Statistical Machine Learning
This course complements the Master's curriculum with models, methods and concepts mainly from the realm of machine learning. We will study intermediate to advanced models (e.g. trees, neural networks, ensembles), discuss alternative feature representations (adaptive basis functions) and strategies to ensure generalization (e.g. validation, regularization).
Participants are required to bring working knowledge in R or the willingness and effort to obtain that on the side. If you feel not comfortable with R, you may join the Bachelor module "Data Science I" in the first month of the winter semester to catch up (no credit).
Course Structure
This is a hands-on course: A weekly lecture is complemented by a weekly R Tutorial that we use to discuss, implement and practice the current topic.
Content
The course content is designed to complement the mandatory classes in empirical economics:
- We start with empirical loss minimization and introduce the notion of variance.
- Models beyond the linear model are introduced: tree models, adaptive basis functions, neural networks. We have some flexibility here and may include other models of interest.
- We develop the notion of generalization in machine learning based on the B-V tradeoff and juxtapose generalization it with the econometrics/causal inference view that you are familiar with. Different strategies to investigate or achieve generalization (e.g. validation, information criteria, regularization) will be introduced.
- Ensemble methods that aim to deal with B-V problems are introduced.
- We reconcile the desire for causal inference in economics (and other fields) with the powerful, predictive models taught in this class under the umbrella of Double Machine Learning.
- Depending on time, we may look at strategies to deal with high-dimensional data via e.g. principle component analysis or variable clustering.

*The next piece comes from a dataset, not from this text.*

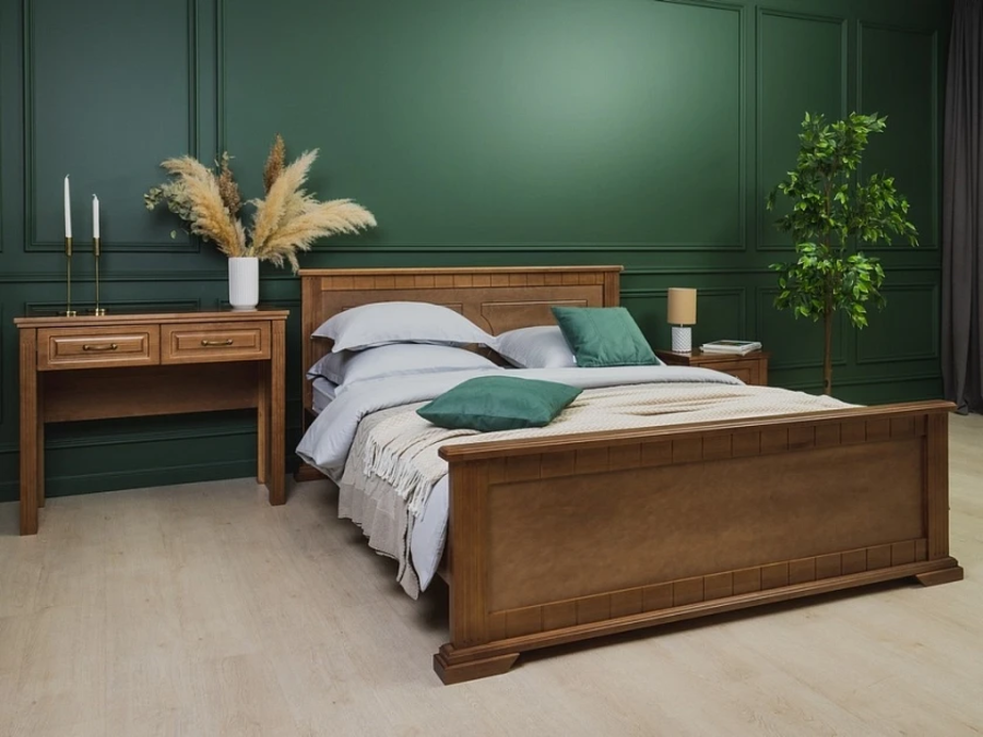 Кровать Milena М береза с высокой спинкой в изголовье кровати, изготавливается из массива березы.

| Week 1 | Empirical Loss Minimization |
| Week 2 | Tree models |
| Week 3 | Adaptive Basis Functions |
| Week 4 | Neural Networks |
| Week 5 | Neural Networks |
| Week 6 | Generalization |
| Week 7 | Generalization |
| Week 8 | Model Selection |
| Week 9 | Ensembles: Bagging |
| Week 10 | Ensembles: Boosting |
| Week 11 | Double Machine Learning |
| Week 12 | Double Machine Learning |
| Week 13 | (PCA) |
| Week 14 | (Clustering) |
| Week 15 | Lab Sessions |
Coursework
Currently, both a project and a presentation are due at the end of the semester. Details will be announced in class.